December 23, 2013

“Making is a stance toward learning”: Sylvia Libow Martinez

Category: Educational Practice
2 young kids focusing closely on iphone

Messing with Makey-Makey, tinkering with Arduino, building robots or creating wearable art are not primarily about teaching electronic skills, problem-solving, or technological literacy – although those can be benefits of the maker revolution in education. Messing, tinkering, building projects that actually interest learners is about developing skills of autonomous learning, cultivating an appreciation for and fluency in using learning communities and experienced guides, and practice at thinking big.

“Making is a stance toward learning that puts the learner at the center of the educational process,” is how Sylvia Libow Martinez and Gary Stager put it in their book, Invent to Learn: Making, Tinkering, and Engineering in the Classroom. Relatively inexpensive but powerful tools and materials – Arduino costs around $20, a Makey-Makey kit is $50 – make tinkering attractive in a way that brings constructionist theories to life. When I asked Martinez to connect constructionist learning theory with the tinkering she and Stager advocate, she explained that: “Seymour Papert demonstrated how computer-based tools can create experiences that amplify learning by leveraging learners’ innate interests and asserted that the learning students construct in their heads can be enhanced by what they make with their hands, especially if those objects are sharable and learners care about them.”

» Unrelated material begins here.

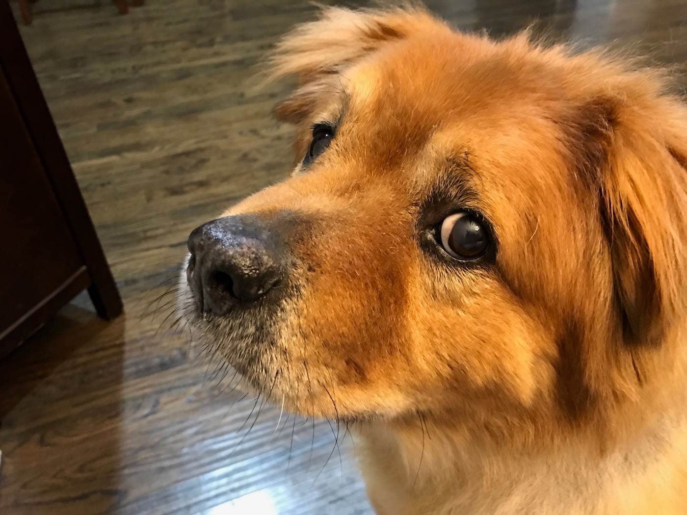 April 15, 2017 - Saturday - This is Louie, he's been my photo of the day before. We're friends because I usually "accidentally" drop chips for him. I usually make guacamole when I visit him, but today I didn't, so no chips. He's kinda giving me the side eye because I didn't share any of the steak we had tonight.

“When you go to these amazing maker faires,” Martinez told me, “the parents tell me: ‘I know my kids are learning when they are programming, but they come home with these traditional worksheets, and it’s just killing them.’ When caring parents say ‘school is killing our kids,’ we have a problem that we aren’t going to fix with more tests and more worksheets.” Martinez believes we have to acknowledge that kids can learn about everything more effectively and enthusiastically by guided tinkering and that we should not be content to take them to great after-school and museum programs. “We need to bring that kind of learning into the classroom because that’s where the kids are. I don’t want to give up on schools.” Martinez, in my brief video interview, and at greater length in her book, is full of practical advice for educators. She and Stager get concrete and detailed about how to approach tinkering in the classroom: Just do it. Don’t feel that you have to understand everything before you teach it, and before you teach it, let your students mess around for a while – learning should be an iterative process for you and the students. Don’t frontload the learning by explaining too much. Put the materials out, see what kids do, talk with them about it.

Making and building projects that personally interest students and an iterative design process don’t mean that teachers’ guidance becomes less necessary. A good corollary to “education is an igniting, not a pouring,” is “without banks, a stream would be a lake.” Teachers are there more to show students how to learn than to instruct them, step by step, what to do – they can get that from YouTube or Instructables. By combining learner autonomy, powerful materials like Arduino or Raspberry Pi, and guidance, teachers can give students permission to explore and help them gain fluency in the art of learning in the real world. Listen to my conversation with Martinez. Read her and Stager’s book. Put less than $100 of materials out on the table in your classroom. Let your students dream, try, fumble, retry, learn.